Josefina earned her B.A. in psychology with a public health minor from the University of California, Los Angeles (UCLA). She pursued her doctoral education in sociology at UCLA as well. Her doctoral studies were supported by the Health Policy Research Scholars program, a program by the Robert Wood Johnson Foundation. In her free time, Josefina enjoys dancing bachata and salsa. She also enjoys playing and watching soccer.
Research Interests
My research is about how immigration status influences the lives and deaths of individuals in the United States. I am interested in the socioeconomic and health outcomes and immigrants and racialized minorities. I recently published an op-ed about the relationship between aging and immigration in the United States. It is available in the Public Health Post.
Research Support
I am in the inaugural cohort of the Health Policy Research Scholars program, supported by the Robert Wood Johnson Foundation.

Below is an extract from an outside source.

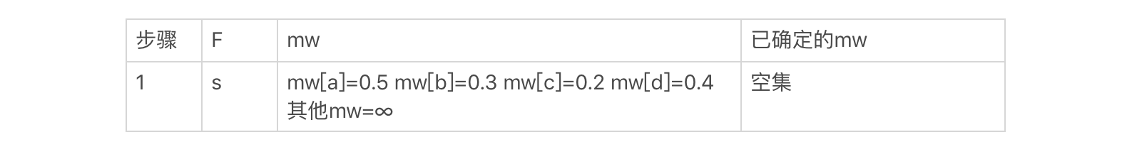 我们把结点s放入集合F。同s直接相连的结点有a、b、c和d,我把它们的mw更新为w数组中的值,就可以得到如下结果:
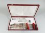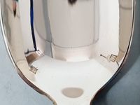 Maison BIENVENU-PLATIL, XXe siècle : ménagère rocaille en métal argenté de 105 pièces comprenant 12 grandes fourchettes, 12 grandes cuillers, 12 cuillers à café, 1 louche, 12 grands et 12 petits couteaux lames inox signées PLATIL, 12 fourchettes et 12 couteaux à poisson, 1 couvert à servir le poisson, 1 couvert à salade, 1 service à découper 2 pièces, 12 fourchettes à gâteaux, 2 pelles à tarte. Poinçon de fabricant J. N. au homard. Légères rayures d’usage notamment sur les grandes fourchettes. TBE général.5 écrins signés au stylo-bille : 4 GINETTE et le plus grand BETTY. Ménagère non chiffrée.

My research has also been supported by: the UC Collaborative to Promote Immigrant and Student Equity, the California Center for Population Research, the UC Network on Child Health, Poverty and Public Policy, and the University of Wisconsin Madison’s Center for Financial Security.
Publications
I have published my research in the Journal of Immigrant Minority Health, Demographic Research, and the Community Development Innovation Review. I have also published in Latino Studies and Sociology Compass.